Convergent Multimodal Evidence of Cortical Excitation-Inhibition Imbalance in Psychosis

Psychosis is increasingly understood as a disorder of disrupted cortical excitation-inhibition balance, yet robust non-invasive translational biomarkers remain lacking. The resting-state fMRI Hurst exponent (HE) and EEG aperiodic spectral exponent are promising complementary biomarkers, with lower values in each proposed to reflect a shift towards cortical hyperexcitability, but they have not been jointly examined in psychosis, and the spatial and molecular architecture of HE alterations remains poorly defined. We therefore tested for convergent systems-level signatures across independent cohorts and modalities, using resting-state fMRI (107 patients, 53 controls) and EEG (547 patients, 363 controls).

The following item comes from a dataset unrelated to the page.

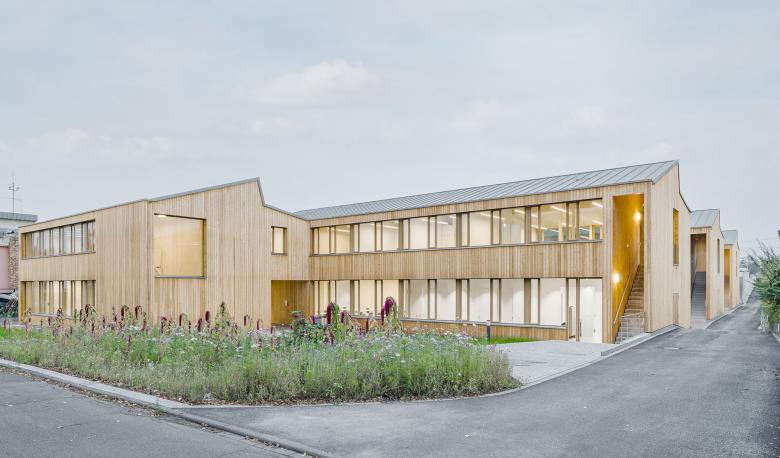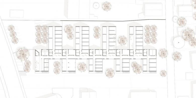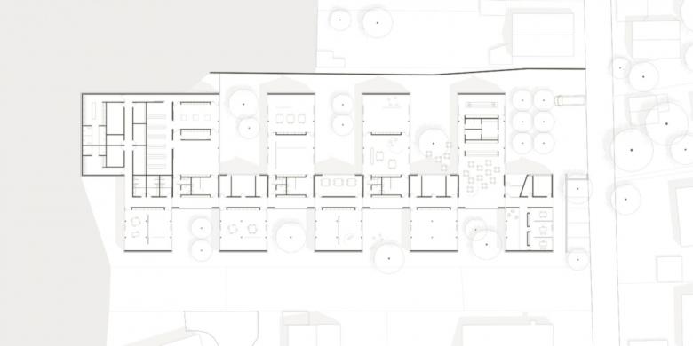 Der neue Typus einer Werkstatt für behinderte Menschen ist gekennzeichnet durch die Verknüpfung der Bereiche Arbeiten und Rekreation. Durch das geplante Doppelkammsystem mit versetzt angeordneten „Häusern“ entsteht ein lockeres mit den Außenräumen verflochtenes Netzwerk, so dass sich Arbeiten und Erholen ergänzen. Beim Neubau der Werkstatt und des Medizinischen Versorgungszentrums wird die Gefällesituation genutzt, um die Einrichtungen barrierefrei an die angrenzenden Straßen anzubinden. Im Inneren können sich alle Nutzer gleichberechtigt, unabhängig von ihrer Mobilität, ohne Aufzüge und Treppen bewegen.

Whole-brain and regional HE were estimated using wavelet methods, and EEG aperiodic exponents were quantified using spectral parameterisation. Compared with healthy controls, individuals with psychosis showed reduced whole-brain HE and widespread regional reductions. Regional HE case-control differences were associated with cortical gene-expression patterns, with enrichment for potassium channel and GABA receptor pathways, and correlated with noradrenergic, muscarinic, serotonergic, glutamatergic and dopaminergic receptor density maps, but not with cortical thickness or symptom or cognitive measures. In the independent EEG cohort, psychosis was similarly associated with a reduced aperiodic spectral exponent. Together, these findings provide cross-modal evidence for altered cortical resting-state dynamics in psychosis, consistent with a shift towards cortical hyperexcitability. Integration with receptor-density and transcriptomic maps implicates biologically plausible molecular pathways and supports HE and EEG aperiodic activity as scalable translational biomarkers in psychosis.